Main points
- Mobile money services have risen to prominence in recent years – and especially since the COVID-19 lockdowns – as a means of replacing cash in financial transactions without relying on formal bank accounts, particularly in low and middle-income countries.
- Mobile money services refer to a mobile-phone based financial service that enables digital money transfers, payments and storage. Mobile money services are primarily designed for people who lack formal bank accounts.
- The adoption of mobile money offers underserved populations a convenient and affordable way to conduct secure transfers and payments, while also providing a safe and private means of storing funds.

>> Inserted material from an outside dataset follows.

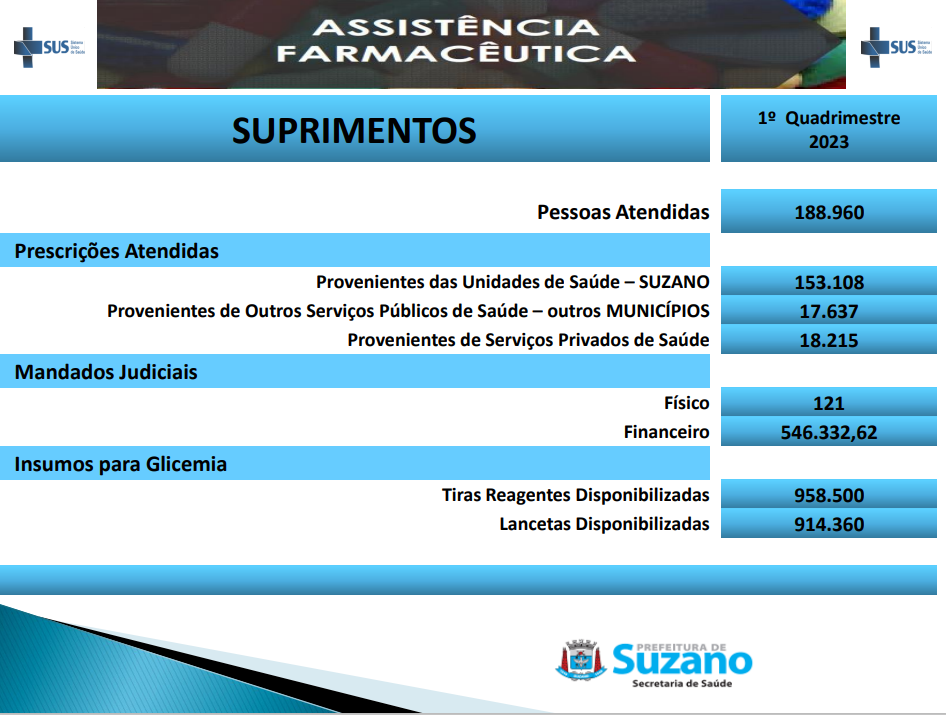 A seguir apresentou os números de Assistência Farmacêutica e destacou os números de insumos para Glicemia.

As users become registered and integrated into mobile financial ecosystems, they often gain a pathway to more advanced formal financial services accessed directly through their mobile phones, such as savings accounts, microcredit or insurance products.
- In order to design appropriate risk-based AML/CFT measures, all actors involved in the regulatory action should first understand the distinct features of mobile money services, including their specific advantages, risks and the safeguards needed to address those risks, based on a national risk assessments and understanding the particular risks faced by the jurisdiction.
- Countries must balance the need to regulate mobile money services to minimise their ML and FT risks while considering financial inclusion. Over-regulation could lead to financial exclusion, hampering financial integrity, imposing an unnecessary burden on the stakeholders and actors involved.
- Authorities in low-income countries face additional barriers to effective regulation and supervision of mobile money due to challenges such as a lack of full formal identification systems, limited financial literacy in the population and resource constraints.